Work required
Beginning with the opening line of the entries, return every line through the one containing "Завдяки цій яскравій", both included, and nothing else. Omit pictures.

Available data

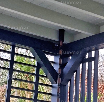 Many, many thanks for the downpipes that arrived at lunchtime. Lovely quality as is the Gazebo. All installed to feed one of our new water butt ( we have 13) and an overflow tap installed to divert the 3xcess into a land drain...which is why the gazebo leg has had to be set so far in from the end. Again our thanks.
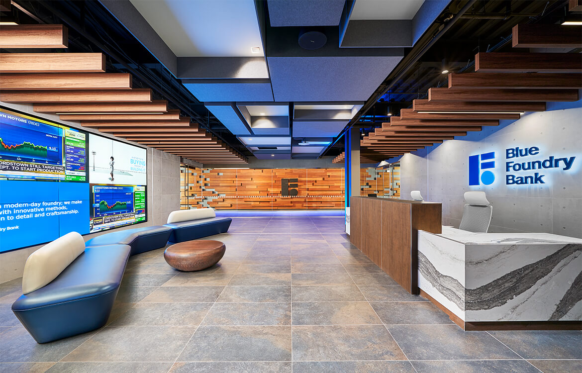 Blue Foundry Bank tasked DMR with designing their administrative office as the physical embodiment of the bank’s branding and business plan that encourages personal relationships and visionary ideas.
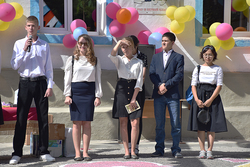 Литургиядан кийин храмдын башчысы жана мектептин духовниги Виктор Реймген окуу жылынын башталышына арналган, ошондой эле Кудайдан жараткандардын баарын сактап калууну суранган молебень өткөрдү. Сыйынуудан кийин мектеп аянтында майрамдык салтанат башталды, анын башкы каармандары мектеп босогосун жаңыдан атап жаткан биринчи класстын окуучулары болушту. Катышуучуларды мектептин директору Виктор ата, завуч Яковлева Ирина Анатольевна, ошондой эле ардактуу меймандар: Ош шаарындагы Россия Федерациясынын башкы консулу Роман Викторович Свистин жана Ош шаарындагы Роскызматташтык өкүлү Куканбаева Елена Георгиевна куттуктап, окуучуларга жакшы насааттарын айтышты. Меймандар мектепке көмөкчү окуу китептерин жана китептерди белекке беришти. Салт болуп калгандай биринчи коңгуроо жаңы окуу жылын баштап берди!
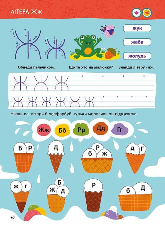 Завдяки цій яскравій збірці завдань дитина не лише вивчатиме літери, а й одразу ж застосовуватиме набуті знання: вчитиметься писати літери, складатиме їх у склади і, зрештою, прочитає свої перші слова. Вправи в книжці розміщені в порядку ускладнення, тож крок за кроком дошколярик засвоїть увесь необхідний матеріал.
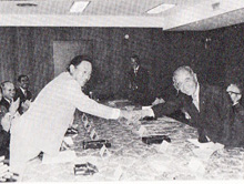 - ラジオ、TVの放送局では、信頼性向上のため番組自動運行装置が求められていた。NHKの技術指導を受けて昭和43年にニュース番組自動送出装置を納入し、続いてラジオ自動放送装置、テレビ自動放送装置を開発した。これらは、ICによるハード型の自動装置だったが、48年にNHK放送センターが渋谷に移転した際、ミニコンピュータ制御による新型のニュース番組自動送出装置を納入した。
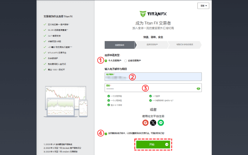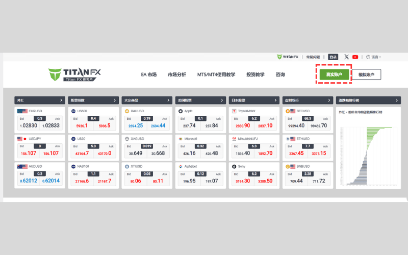 Open your browser and visit the official Titan FX Chinese registration page. Click the Real Account button.
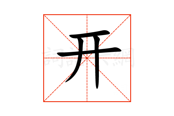 开,通用规范汉字,一级汉字,读音是(kāi),廾部,共4画,会意字,独体字,五行属木。

Response
 Many, many thanks for the downpipes that arrived at lunchtime. Lovely quality as is the Gazebo. All installed to feed one of our new water butt ( we have 13) and an overflow tap installed to divert the 3xcess into a land drain...which is why the gazebo leg has had to be set so far in from the end. Again our thanks.
 Blue Foundry Bank tasked DMR with designing their administrative office as the physical embodiment of the bank’s branding and business plan that encourages personal relationships and visionary ideas.
 Литургиядан кийин храмдын башчысы жана мектептин духовниги Виктор Реймген окуу жылынын башталышына арналган, ошондой эле Кудайдан жараткандардын баарын сактап калууну суранган молебень өткөрдү. Сыйынуудан кийин мектеп аянтында майрамдык салтанат башталды, анын башкы каармандары мектеп босогосун жаңыдан атап жаткан биринчи класстын окуучулары болушту. Катышуучуларды мектептин директору Виктор ата, завуч Яковлева Ирина Анатольевна, ошондой эле ардактуу меймандар: Ош шаарындагы Россия Федерациясынын башкы консулу Роман Викторович Свистин жана Ош шаарындагы Роскызматташтык өкүлү Куканбаева Елена Георгиевна куттуктап, окуучуларга жакшы насааттарын айтышты. Меймандар мектепке көмөкчү окуу китептерин жана китептерди белекке беришти. Салт болуп калгандай биринчи коңгуроо жаңы окуу жылын баштап берди!
 Завдяки цій яскравій збірці завдань дитина не лише вивчатиме літери, а й одразу ж застосовуватиме набуті знання: вчитиметься писати літери, складатиме їх у склади і, зрештою, прочитає свої перші слова. Вправи в книжці розміщені в порядку ускладнення, тож крок за кроком дошколярик засвоїть увесь необхідний матеріал.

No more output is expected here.